* [Records supplied]
------------------------------------
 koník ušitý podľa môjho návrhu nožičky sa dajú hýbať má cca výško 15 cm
------------------------------------
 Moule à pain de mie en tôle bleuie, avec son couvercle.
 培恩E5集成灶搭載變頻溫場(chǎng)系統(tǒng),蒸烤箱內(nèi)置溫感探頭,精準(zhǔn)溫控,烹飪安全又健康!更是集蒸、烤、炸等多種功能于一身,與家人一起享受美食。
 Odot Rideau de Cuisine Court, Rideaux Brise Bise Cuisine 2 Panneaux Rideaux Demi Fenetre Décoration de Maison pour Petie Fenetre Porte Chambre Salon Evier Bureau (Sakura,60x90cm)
------------------------------------
* [Exercise requirements]
Starting at the line above that contains "培恩E5集成灶搭載變頻溫場(chǎng)", repeat each line exactly up to and including the line that contains "Odot Rideau de", and stop there.

* [Problem solution]
 培恩E5集成灶搭載變頻溫場(chǎng)系統(tǒng),蒸烤箱內(nèi)置溫感探頭,精準(zhǔn)溫控,烹飪安全又健康!更是集蒸、烤、炸等多種功能于一身,與家人一起享受美食。
 Odot Rideau de Cuisine Court, Rideaux Brise Bise Cuisine 2 Panneaux Rideaux Demi Fenetre Décoration de Maison pour Petie Fenetre Porte Chambre Salon Evier Bureau (Sakura,60x90cm)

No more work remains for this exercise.